Ecological Interchangeability
We evaluated a proxy for ecological interchangeability by measuring the
overlap between ENMs for the sister lineages being compared (generally
following the approach of Stockman and Bond 2007) as well as taking into
account previous morphological and behavioral criteria for
distinguishing A. microunicolor (Hendrixson & Bond, 2005a).
Current climate data from 1970-2000 for 19 bioclimatic variables at 30
arc-second resolution were downloaded for tiles 12 and 13 from WorldClim
v.2 (http://worldclim.org/version2; Fick and Hijmans 2017).
Climate data from the tiles were then merged into layers, cropped to the
area of interest, and converted to a raster stack using the packages
‘raster’ (Hijmans, 2015) and ‘rgdal’ (Bivand et al., 2019) in R. The
software ENMTools v1.4.4 (Warren et al., 2010) was used to estimate the
amount of correlation between the 19 bioclimatic variables, with
significant correlation defined as r > .90 following
(Jezkova et al., 2011). Six variables were removed and the 13 retained
variables (BIO 2-9,12,13,15,16,18) were used for generating ENMs. Maxent
v.3.4.1 (Phillips et al., 2006) was used to estimate ENMs with default
settings for the lineages. The receiver-operating characteristic (ROC)
plot’s area under the curve (AUC) was used as a measure of model
prediction accuracy, with values > 0.9 indicating optimal
model performance as opposed to values < 0.7 indicating poor
model performance (Swets, 1988). Occurrence records were based on
specimens collected for this study and specimens from prior publications
(Hendrixson & Bond, 2005a, 2005b) also included in this study.
To statistically compare the ENMs of each lineage, we conducted analyses
of niche overlap, niche identity, and niche similarity (i.e. background)

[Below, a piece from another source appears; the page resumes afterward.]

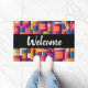 ウェルカムドアマットとカラフル抽象芸術背景。そしてはっきりしたエキサイティングな色 – ピンク、ブルー、オレンジなど。
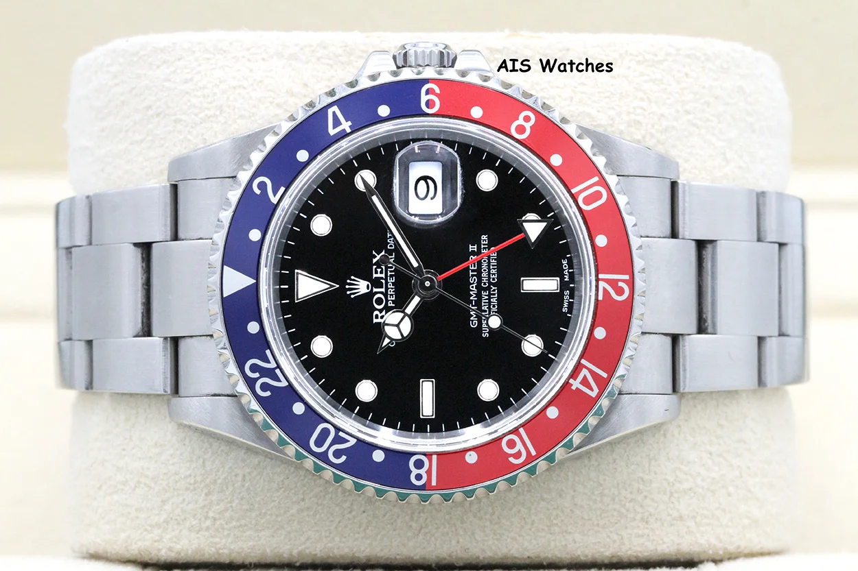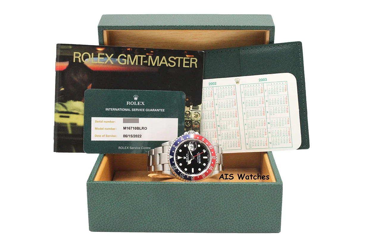 Up for sale is a Rolex GMT Master II 16710 K Serial Pepsi Box & Papers. Solid End Links (SEL) and Lug Holes Case. The timepiece is in excellent condition with minimal bracelet stretch.

tests in ENMTools (Warren et al., 2008, 2010). Niche overlap for each
sister lineage comparison was quantified using Schoener’s D(Schoener, 1968), which ranges from 0 (no overlap between ENMs) to 1
(complete overlap of ENMs). To assess the significance of D , we
employed both niche identity and niche similarity tests. For the niche
identity test, 100 pseudoreplicates were used to construct a null
distribution of niche overlap compared to the observed overlap value
using a one-tailed test (Supplemental Figure S3). Warren, Glor, and
Turelli (2008) highlighted that the niche identity test may be too
strict and results in the null hypothesis often being rejected, so the
more conservative niche similarity test was also conducted. The
background regions for each lineage were generated based on minimum area
polygons from occurrence points in ArcMap v10.7 (ESRI), and occurrence
points of one lineage were tested against random points from the
background region of the other lineage and vice versa. A hundred
pseudoreplicates were used to construct a null distribution of niche
similarity compared to the observed overlap value using a two-tailed
test (Supplemental Figures S4-7). In order to reject ecological
interchangeability with the niche similarity test, both of the
background tests for a pair of lineages should have a D value
that is more different (niche divergence) than expected by chance. Since
some of our comparisons involved parapatric/sympatric lineages which
results could potentially be affected by the defined background region,
we conducted sensitivity tests by defining alternative background
regions based on buffer polygons from occurrence points of differing
distances (25 km, 50 km, 75 km, and 100 km) in ArcMap v10.7.